TV Warehouse

Programming
- Picture format: 16:9, 576i (SDTV)

Ownership
- Owner: Canis Media

History
- Launched: November 2001; 24 years ago 11 September 2013; 12 years ago (revival)
- Replaced: Discount TV

Links
- Website: www.tvwarehouse.com

= TV Warehouse =

British infomercial shopping channel

TV Warehouse is an infomercial-based shopping channel brand based in the UK. The channel is owned and was originally launched by Canis Media.

==History==
TV Warehouse first launched in November 2001 by Sirius Retail Television. A sister channel TV Warehouse Select was launched in May 2002. In May 2005, both TV Warehouse channels were sold to TV Network.

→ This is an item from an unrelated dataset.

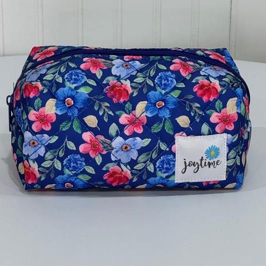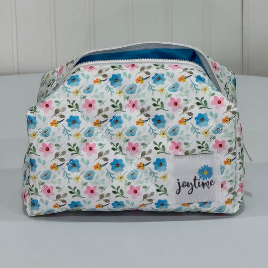Handmade, Quilted, Large Cosmetic Bag - pink and blue flowers

On July 15, 2008, TV Warehouse Select was renamed TV Warehouse 2. TV Network soon went into liquidation. JML purchased both channels

On 2 February 2009, both channels were rebranded and were replaced by JML Home & DIY and Shop Now TV.

On 11 September 2013, Canis Media relaunched TV Warehouse on Sky channel 657 and Freesat channel 804. It was moved to Sky channel 667 on 19 August 2014 and removed from Freesat later the same month. TV Warehouse continues to air popular and well known infomercials in Poland and the UK.

It moved to Sky channel 676 on 1 May 2018.